This article is written by Gaurav Lall pursuing BBA LL.B. (Hons.) at United World School of Law.
In Haynes v Harwood  1 KB 146, case the Defendant left a horse-drawn van unattended in a crowded street. The horses bolted when a boy threw a stone at them. A police officer tried to stop the horses to save a woman and children who were in the path of the bolting horses. The police officer was injured.

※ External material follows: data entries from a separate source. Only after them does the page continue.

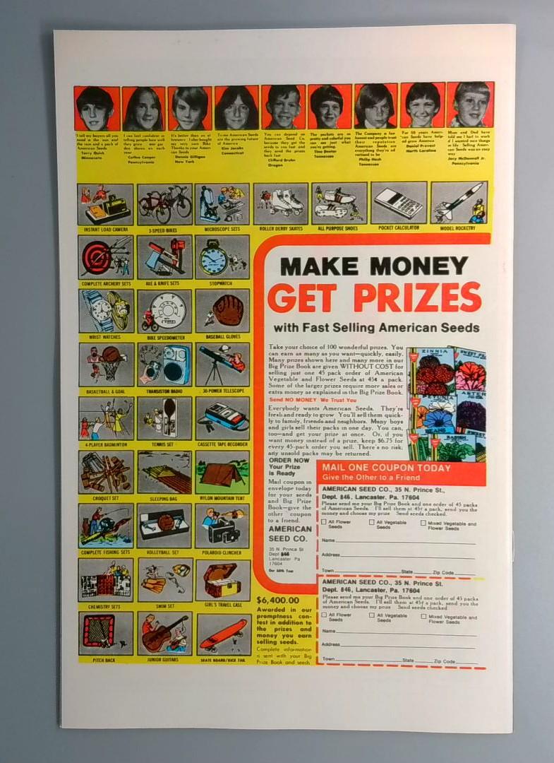 The back cover includes a vintage American Seeds promotional advertisement featuring a collage of children's photos and a prize giveaway promotion, a common insert for comics from this era.
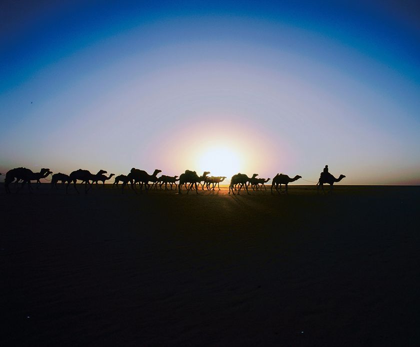 “旅の最初は1972年、ヒッチハイクのような形でとび乗った、サハラ砂漠のキャラバンだった。”
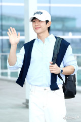 '훈남의 정석' 정해인, 산뜻한 프레피룩으로 완성한 공항패션
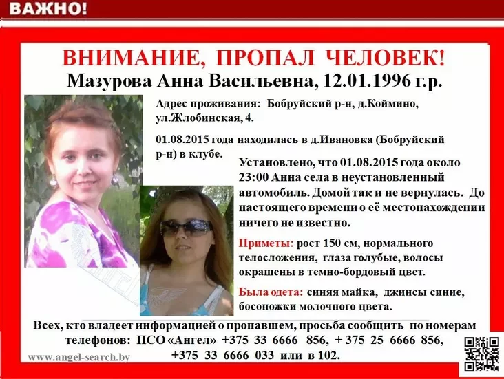 1 жніўня дзяўчына знаходзілася ў вёсцы Іванаўка (Бабруйскі раён) у клубе. Устаноўлена, што каля 23.00 яна села ў неўстаноўлены аўтамабіль. Дадому так і не вярнулася. Дагэтуль аб яе месцазнаходжанні нічога не вядома.
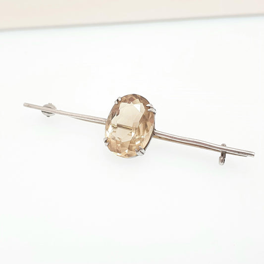 Antique Solid Silver Citrine Bar Brooch Oval Cut Natural Gemstone Orange Bar Pin Womens Unisex Jewelry Jewellery
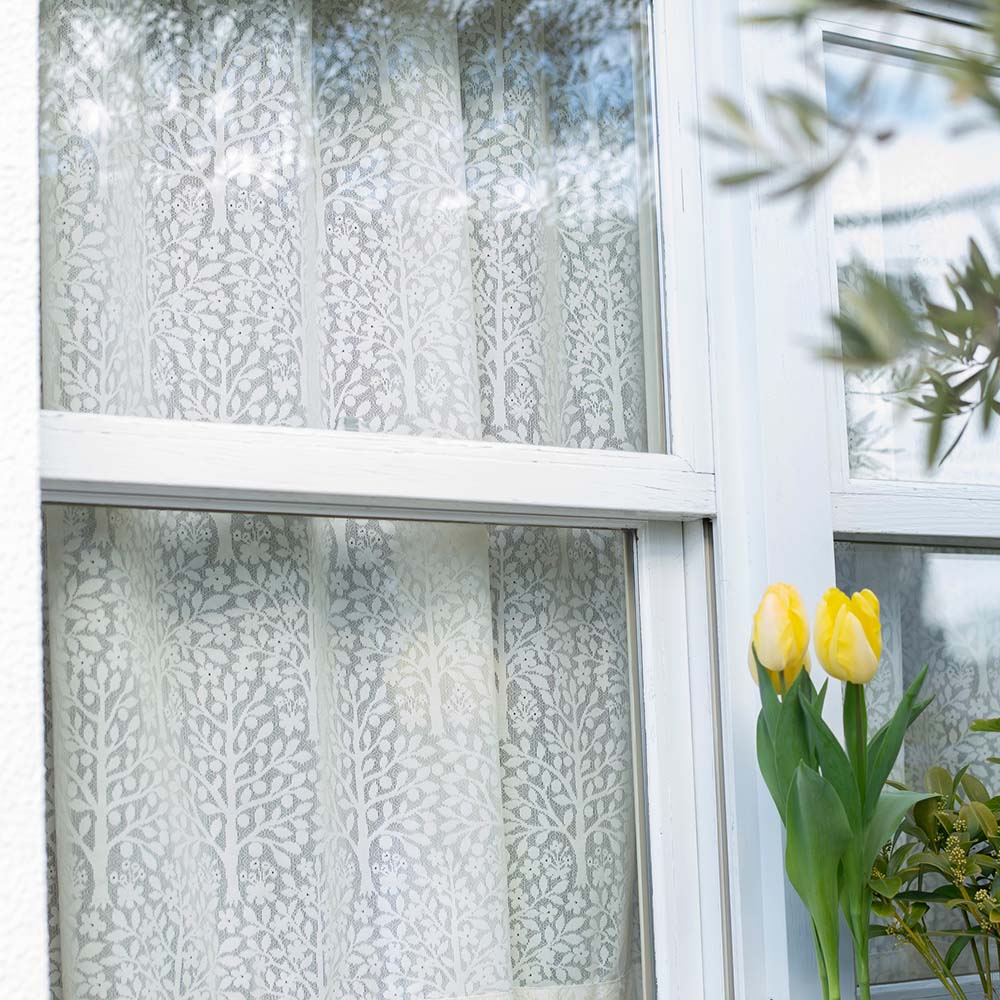 吉谷桂子さんがお届けする、「木漏れ日」を感じるレース生地木漏れ日は、木々と光が織りなす自然からの贈り物です。室内にいても、木漏れ日を感じる。こころがほっと癒される。そんなレースが出来上がりました。柄は、吉谷さんが自らデザイン。花咲く春から葉が色づき実をつけるまで、自然を楽しめるようなデザインです。幹の根元には、ビオラやデージーの小花が咲いています。一枚の布の中で四季を感じる、室内にいても自然を感じられる美しいデザインに仕上がりました。朝から夕方まで、変化する光と影の美しさを楽しんで夜明けのほんのり明るい朝の光、太陽の光量がもっとも強い昼の光、日が沈みかけたオレンジがかった夕方の光。一日を通じて変化する光の美しさを、光が生み出す模様の”影”とともに感じて。壁や床に映されたその影は、まるで一枚の絵画のよう。家の中でも光の変化を感じることで、なんだか心が豊かになる気がします。外から見ても美しい柄がはっきり出る手法で編立ているので、外からみても柄がしっかり見えます。庭作業の間も窓をみてほっこり、なんてこともあるはず。ストーリーを持つ、色【オフホワイト】まっさらな白ではなく、温かみのある黄みを帯びた、クリーム色のようなホワイト色に仕上げています。部屋は明るく、そして光を通すとやや暖色系の色味に変化する、美しい色です。

Court of Appeal of England and Wales.
Greer, Maugham, and Roche LJJ.
Haynes v. Harwood,  1 KB 146
Brief Facts and Procedural History
The plaintiff was a police constable on duty inside a police station, located in a busy street, often attended by many people, including children. The defendants owned a two-horse van which was left unattended by its driver in the same street. The driver had put a chain on one of the wheels of the van that was subsequently broken. For some reason, supposedly because a stone was thrown at the horses, they bolted along the busy street alongside with the van. The police constable saw them from the police station, got out and managed to stop them but sustained injuries, in respect of which he claimed damages. The plaintiff claimed damages in this respect through the King’s Bench in 1935. The bench ruled in favour of the plaintiff as opposed to the defendant. The defendant (Harwood) filed for an appeal in the Court of Appeal, which was later dismissed.
Issues before the Court
When someone knowingly puts himself or herself in danger to protect others, is the negligent party liable for damages suffered in the protection effort
Whether the principle of volenti non fit injuria will be applied?
Ratio of the Case
The doctrine of the assumption of risk does not apply where the plaintiff has, under exigency caused by the defendant’s wrongful misconduct, consciously and deliberately faced a risk, even of death, to rescue another from imminent danger of personal injury or death, whether or not the person endangered has owed a duty of care by the plaintiff. The plaintiff, a policeman saw a horse running loose in the street among children.
Decision of the Court
The Court of Appeal held the defendant liable for Haynes’ loss. On the novus actus interveniens argument, they held there had not been a break in the chain of causation between the defendant’s act and claimant’s loss.
Rule/ Case Law
“Negligence, in order to give a cause of action, must be the neglect of some duty owed to the person who makes a claim. In the case, if the duty was owed to, among others, if the plaintiff is affected by the want of care of the Negligence of the defendants that is the Negligence of which the plaintiff can avail himself as a cause of action.” -Greer, LJ
Novus Actus Interventions is a Latin term for a new intervening act which breaks the chain or the connection between the wrong. In Lynch v Nurdin, undoubtedly, there was a Novus actus interventions namely, them is the conduct of the boy who started the horse; but it was held that none the less the accident, and the damage, could be served as a result of the defendant’s wrongful act because it was to be predicted that children were bound to be mischievous and that anyone who invites or gives an opportunity to the mischievous children to do a dangerous thing cannot escape liability on the ground that he did not do the wrong but that the mischievous children did it.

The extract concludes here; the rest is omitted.